Tuesday, October 12, 2010

>ING VYSYA BANK: Business and margin scaling up; initiate with Buy

We initiate coverage on ING Vysya Bank with Buy and price target of `445/share. We expect the Bank’s RoE and RoA to expand to 17.3% and 1% respectively by FY13e on the back of business scaling-up as well as improvement in margins and productivity.

Business growth scaling up; margin expansion. We expect ING Vysya Bank to witness improved business growth and higher market share FY11 onwards. Rising CASA share is likely to aid margin expansion to 3.1% in FY13e from 2.7% in FY10.

Rising productivity. Core Cost-to-income (excluding trading and extraordinary gains) sharply declined to 60 % in FY10, falling 690bps over FY09. Cost-to-assets at 2.5% in FY10, though higher than peers, shows significant scope for further improvement in productivity.

Adequate capitalisation.
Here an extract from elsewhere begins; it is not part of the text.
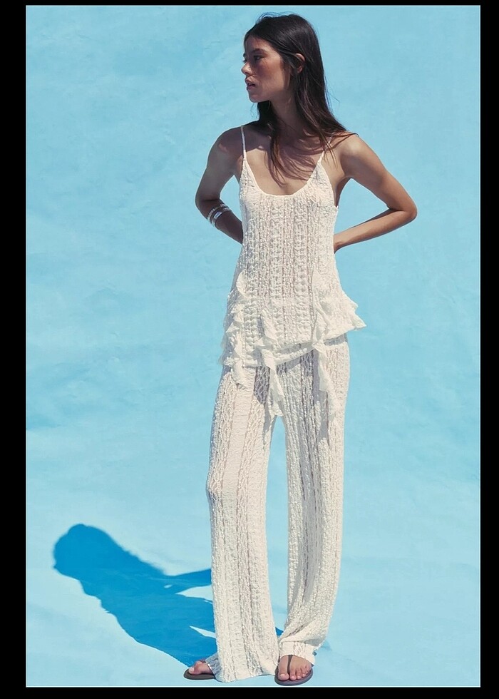 Hiç giyilmedi etiketli bana uzun geldi Kırık beyaz dantel esnek kumaş

With strong backing of its international parent and current CRAR of 14.5% (tier 1 capital of 9.9%), the Bank is adequately capitalised to support future growth and
protect itself from additional loan defaults.

Valuation and risks. At our target price of `445, the stock would trade at 1.9x FY12e and 1.7x FY13e ABV. Our target price is based on the two-stage dividend-discount model (CoE: 13.2%;
beta: 0.87; Rf: 7.5%). Risks include slower-than-expected credit growth and higher slippages on account of NPAs.